Non-ideal Case: Mismatched Source and Trace Impedance
Because the characteristic impedance of the transmission line will vary over a manufacturing cycle, although the termination resistor has been pre-determined, the slew rate calculations (Eq. 5 and Eq. 8) were repeated with the R of the equation fixed (i.e., a fixed series impedance) and the C varied within a certain range (i.e., a variation in PCB stackup).
With the fixed series termination of 50 [ohm] (which implies a desired characteristic impedance set to 50 [ohm]), the transmission line impedance was varied and the results plotted in FIGURE 6. The data indicates that a PCB targeted for 50 [ohm] will not violate the slew rate requirements (for trace lengths about 2 inches long) with an impedance tolerance of [+ or -] 20%.
[FIGURE 6 OMITTED]
Referring to Figures 5 and 6, the results indicate that DDR SDRAM can be used over a wide range of board impedances. For perfectly matched transmission lines, the only limitation seems to be that the length of the signal should be much longer than 1 inch. Other than that, it appears that DDR SDRAM is tolerant of the actual characteristic impedance value. Furthermore, the calculations also indicate that DDR SDRAM is very tolerant of mismatched lines (not including the effects of ringing), implying that wide variations in the PCB and hence a cheaper design can be possible.
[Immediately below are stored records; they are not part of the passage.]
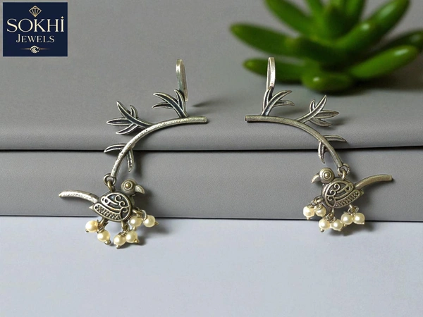SOKHI Jewels Silver Replica Handcrafted Bird-on-Branch Earrings with Earcuffs – Earrings with Pearl Drop Charms for Women & Girls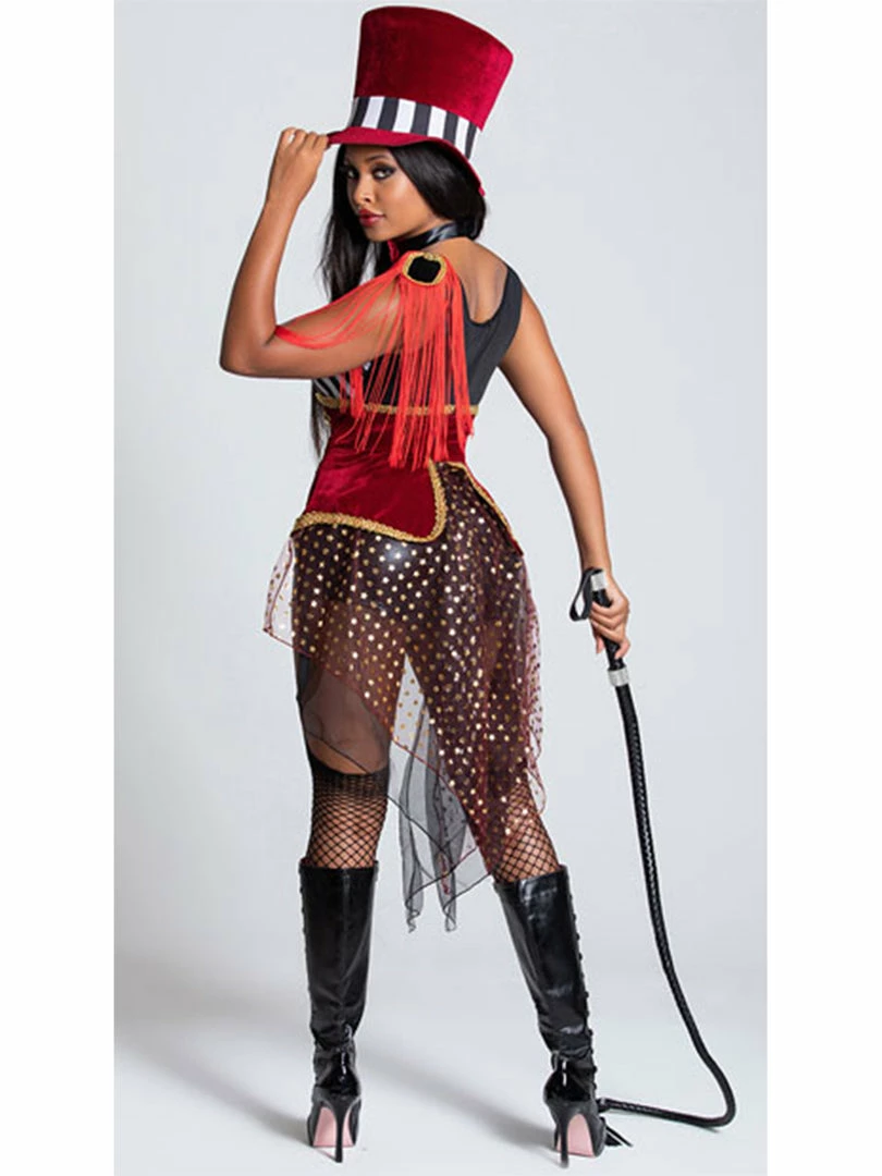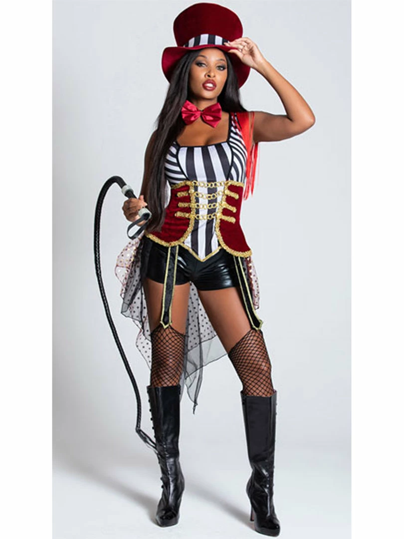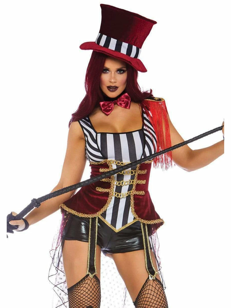 Perfect for any Circus or Carnival Theme Costume Party or even Halloween! Pair up with our other circus babes for the ultimate group costume! Looking to tame the lion? Pair with our Lovely Lioness Costume! Or looking to meet your match? Pair up with our Sinister Ring Master Costume to run the show!
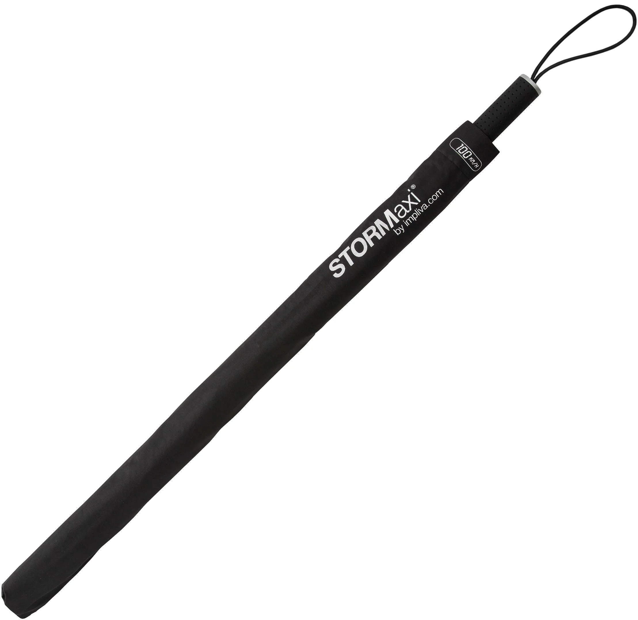 Denne stormsikrede stormparaply, Stormfighter, har et aerodynamisk design, der gør at paraplyen ikke vender vrangen ud, når du kommer ud i stærkt stormvejr. Den forkortede front på paraplyen giver dig et bedre udsyn. Paraplyen kan stå imod vinde med op til 100 km i timen. Med paraplyen følger der et praktisk cover, så paraplyen er nem at medbringe.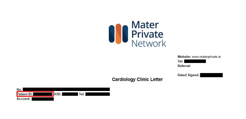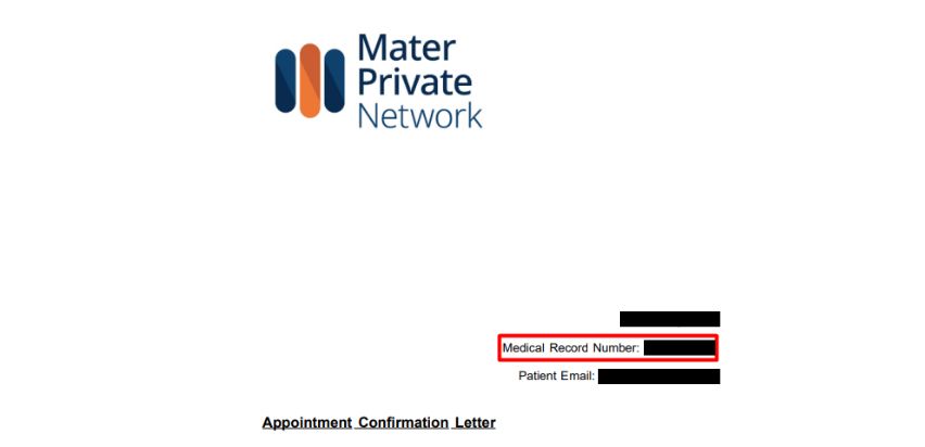 You will need a valid email address and your Mater Private Medical Record Number (MRN) / Hospital number. You can find it at the top of your appointment letters and receipts (see images below). Please make sure our logo is included in the document.

Simulating Slew Rate and Crosstalk
The set of lumped capacitor model calculations relied on the capacitive nature of the transmission line to calculate the signal slew rate. The calculations did not account for the effect of an actual driver, nor could it account for any mismatch, crosstalk or inductance effects that are dependant upon rise time and impedance.
For a more accurate representation, simulations on signal slew rate as well as crosstalk were performed to substantiate the calculated results using the IBIS model of a typical DDR SDRAM device driver and a behavioral model of the transmission line. The IBIS model of the device driver also includes inductive and resistive effects of the I/O pins and reflects the actual signal characteristics. The transmission line behavioral model recreates the electromagnetic environment of the transmission.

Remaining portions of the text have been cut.